Книга Исповедь еврея - Александр Мелихов
Шрифт:
Интервал:
Закладка:
Не знаю, что ингуши врали про нас – мне посчастливилось побывать в наперсниках только у одного хранителя ингушской славы. Разве что своего национального (тогда еще русского) первородства я не отдал бы за его гордое имя – Хазрет. Мы с Хазретом были клеточками хоть и небольшень-кого, но все-таки Единства (сидели в одном классе), а потому сквозь силуэт Ингуша я мог бы выискать в нем кое-какие и персональные штришки – только не стоило: первый же взгляд нашлепывал на них новую этикетку – Сморчок (не со зла, а само нашлепывалось). Мне было поручено натаскивать Хазрета в математике, но вместо «а плюс бэ сидели на трубэ» он воодушевлял меня подвигами его компатриотов: там Иса сломал кому-то нос, здесь Али-хан сломал кому-то таз– мы про них врали примерно то же.
Правда, Хазрет был еще и поэтом травматологии: наше типовое сказание завершалось в звездный миг – потерпевший (проигравший) вылетел, скажем, в окно; Хазрет же следовал за ним вплоть до операционной, скрупулезно протоколируя все переломанные ребра, вышибленные зубы, отбитые у их природных поместилищ печенки-селезенки. На мой взгляд, вся эта требуха была ненужной уступкой мелкому (еврейскому) реализму: дух народа не должен опускаться до столь частных и неопрятных деталей.
Увечные чаще всего оказывались русскими только потому, что их было больше под рукой, а так Хазрет не отказывал ни эллину, ни иудею, ни казаху – их он даже предпочитал, и с большим уважением к русскому народу подчеркивал, что именно русские устроили овацию великому Джа-фару, когда он, задав костоправам работы на полгода, садился в автобус в Жолымбете.
«Джафар, Джафар!» – кричали они… нет, поправлялся Хазрет, они его по-русски звали: «Жора, Жора!» – в «Жоре» заключался оттенок особой любовности. Джафар-Жора, подобно некоему Ланселоту, странствовал от Петропавловска до Караганды, разя не плотву, кишащую в клубах и горсадах, а всегда какие-то Единства: солдат и матросов, целинников и геологов – взял он геолога за ноги, стал он геологом помахивать: держись, геолог, крепись, геолог!
Хазрету была чужда не только русофобия, но и антисоветчина.
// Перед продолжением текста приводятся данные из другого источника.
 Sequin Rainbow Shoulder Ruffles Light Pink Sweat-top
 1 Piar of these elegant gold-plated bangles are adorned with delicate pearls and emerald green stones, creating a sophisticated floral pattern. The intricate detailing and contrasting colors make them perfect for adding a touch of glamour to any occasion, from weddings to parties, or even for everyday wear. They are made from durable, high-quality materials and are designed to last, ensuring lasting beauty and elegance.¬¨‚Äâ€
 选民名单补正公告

Дикая дивизия, доблестно служившая российской короне, – это была сила. «Дикая дивизия – о, бля!» – сверкал из девичьих персиянских прорезей гипнотическими зрачками стремительно возносившийся в гору хулиган Алихан. Но в бродивших по рукам, истертых до замшевой нежности листочках, выдранных из книг, а то и передранных откуда-то, не было ни слова неуважения к Советской власти – наоборот, перечислялись заслуги ингушей перед нашей строгой матерью: революция, коллективизация и др., и пр.
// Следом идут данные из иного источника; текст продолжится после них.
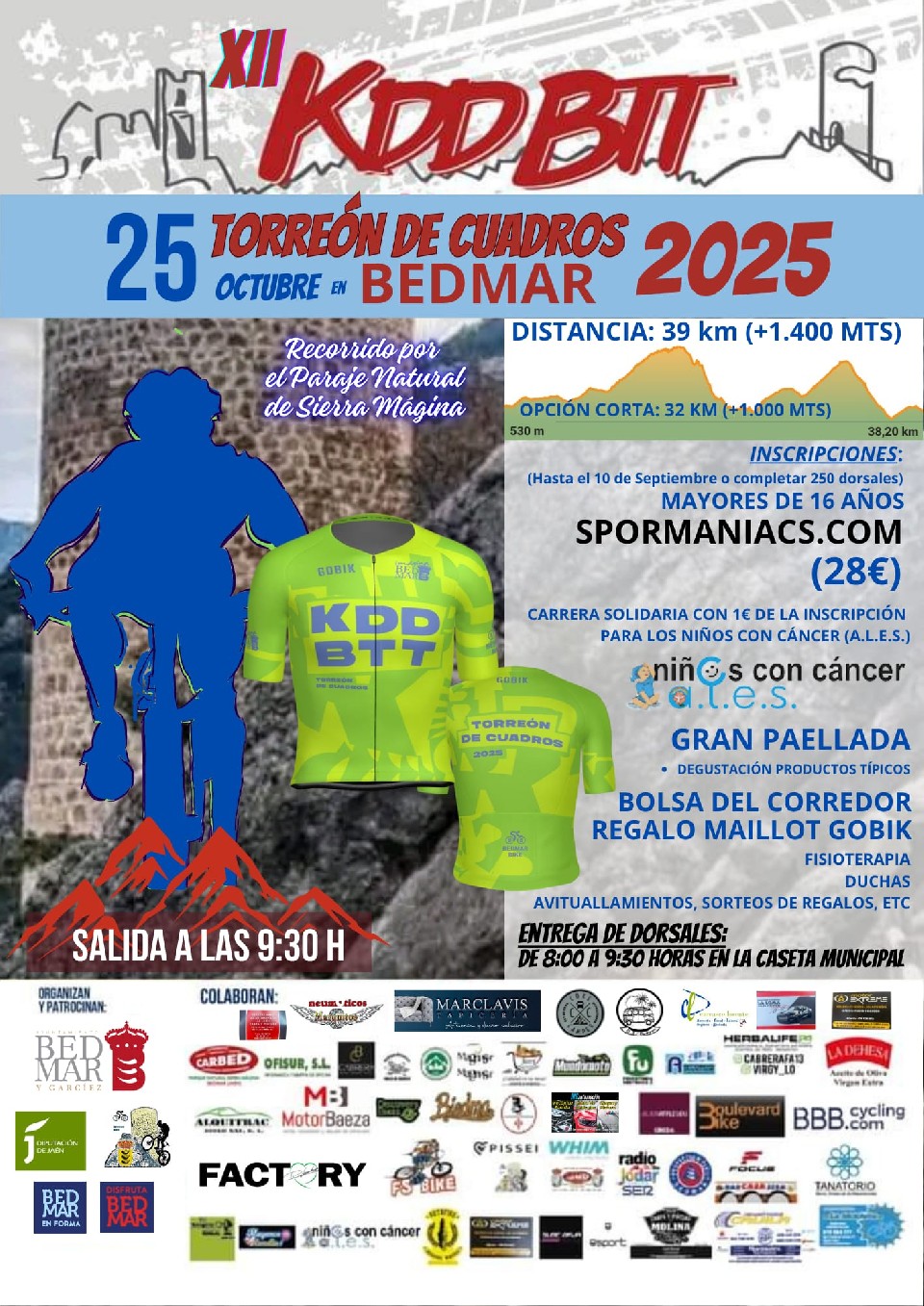 Classificações XII KDD BTT Torreón de Cuadros Bedmar 2025 25/10/2025 09:30 39Km Pendente INSCRIPCION COLECTIVA XII KDD BTT Torreón de Cuadros Bedmar 2025 25/10/2025 09:30 39Km Pendente Informação de contacto Contactar com o organizador – Regulamento REGLAMENTO

Я ни разу не слышал от Хазрета ни о брошенном добре, ни о скотских вагонах, ни о навязших в зубах (Советской власти) стариках-женщинах-детях, нет – только о доблестях, о подвигах, о славе! Там, где искусство опускается до отнятых очагов, украденных шинелей и прочих прав человека, – там Величие погибает. О покинутых горах, не то долинах Хазрет рассказывал только одно: на Кавказе есть пещера, в которой есть все – только мака нет. «Танки, пулеметы есть, а мака нет?» – пытался уличить его Гришка, но Хазрет стоял на своем: «Мака нет».
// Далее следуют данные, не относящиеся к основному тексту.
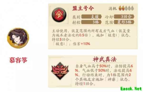 那么【天烈炽炎阵】的阵眼殷剑平的主要能力有: 技能及普通攻击的回血能力非常强大,例如核心攻击技能【日轮神剑】和终极攻击技能【飞星神剑】都有战后回血的特效,同时辅助技能【融会贯通】也是一个可以提供主动攻击后回复气血的技能 殷剑平在满血和血量超过80%时的主动普攻会自动带有【连击】和【追击】的特效,随着殷剑平的星级提升其【连击】、【追击】的伤害也会提升 主动攻击的伤害会有一定幅度的提升,随着殷剑平星级的提升这个幅度也会增加,3星时是10%,6星时是20% 看完殷剑平的特点后我们可以明确的看出,其实殷剑平就是一个类似于自带回血功能的物理攻坚手,自带回血的能力可以使他不那么依赖部分魂石和奶妈的恢复效果,同时也能在攻击敌人时获得超强的持续性,另外主动攻击时加伤害的特点也是非常符合【天烈炽炎阵】所带来的增伤效果。 那么在【天烈炽炎阵】的两位火系英灵的选择上,维一目前比较推荐的有夏侯仪+慕容筝+依依的组合,其中以夏侯仪的效果最为突出,依依和慕容筝可以一起上场,也可以择一选择上场。 至于夏侯仪的首选原因维一就不多说了,考虑到火系法师的数量并不多,因此夏侯仪应该是目前游戏中火系法师上的不二人选。接着我们主要来说下依依和慕容筝的选择原因:

Зато двоюродный брат Хазрета – в миру Сергей, а дома то Самуил, то Самайл – совсем никогда не врал и вообще не болтал не только лишнего, но и необходимого – не поддерживал даже мужских бесед, кто кому навешал, а ходил себе в пиджачке и – тезка еврейского пророка – хорошо, но без легкомысленного блеска, учился (он и лицом был очень правилен, но без красивости). Его вполне можно было потормошить – «Самуил коров доил, титьки рвал, домой таскал» – и даже немного помучить. Но если нечаянно заденешь в нем что-то Ингушское – неизвестно, что за пипочку, – такое в нем вдруг просверкнет, что – хи-хи, ха-ха, тра-ля-ля, – надо было срочно заминать, заигрывать.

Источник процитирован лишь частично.